Mirroring and replication solutions are implemented differently, depending on the vendor, the business needs of the organization, and the logistics of the cluster. In general terms, however, for every disk there is a master copy and one or more secondary copies. The master is modified, and then the changes are propagated to the secondary copies.

In the case of disk-device-level replication, the secondary disk might not be visible to the applications. If it is visible, it will be a read-only copy of the device. When there is a failover, a cluster resource typically designates one of the secondary disks to be the new primary, and the old primary becomes a secondary. In other words, most of the mirroring solutions are master-secondary, one-way mirror sets. This is usually on a per-disk basis, so some disks might have the master at one site and others might have the master at another site.

Majority Node Set Quorum in Geographically Dispersed Clusters

Although geographically dispersed clusters can use a standard quorum, presenting the quorum as a single logical shared drive between sites can create design issues. Majority node set clusters solve these issues by allowing the quorum to be stored on the local hard disk of each node.

Applications in a geographically dispersed cluster are typically set up to fail over in the same manner as those in a single-site cluster; however, the total failover solution is inherently more complex. The Cluster service provides health monitoring and failure detection of the applications, the nodes, and the communications links, but there are cases where it cannot differentiate between various failure modes.
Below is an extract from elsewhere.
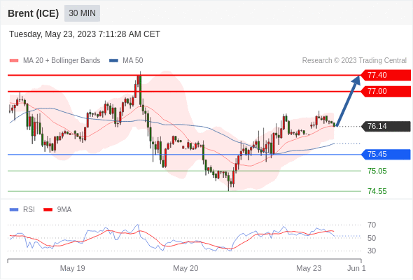 在 75.45 之上,看涨,目标价位为 77.00 ,然后为 77.40 。

Consider two identical sites, each having the same number of nodes and running the same software. If a complete failure of all communication (both network and storage fabric) occurs between the sites, neither site can continue without human intervention because neither site has sufficient information about the other site's continuity.

As discussed in "Choosing a Cluster Model" earlier in this chapter, the server cluster architecture requires that a single-quorum resource in the cluster be used as the tiebreaker to avoid split-brain scenarios. Although split-brain scenarios can happen in single-site clusters, they are much more likely to occur in geographically dispersed clusters.

If communication between two sites in a geographically dispersed server cluster were to fail, none of the cluster nodes in either site could determine which of the following is true:

Communication between sites failed and the other site is still alive.

The other site is dead and no longer available to run applications.

This problem is solved when one of the partitions takes control of the quorum resource. However, with majority node set clusters, the process is different than in a traditional (single-site, single-quorum) server cluster. Traditional clusters can continue as long as one of the nodes owns the quorum disk, and traditional server clusters can therefore continue even if only one node out of the configured set of nodes is running (if that node owns the quorum disk). By contrast, a server cluster running with a majority node set quorum resource will start up (or continue running) only if a majority of the nodes configured for the cluster are running, and if all nodes in that majority can communicate with each other.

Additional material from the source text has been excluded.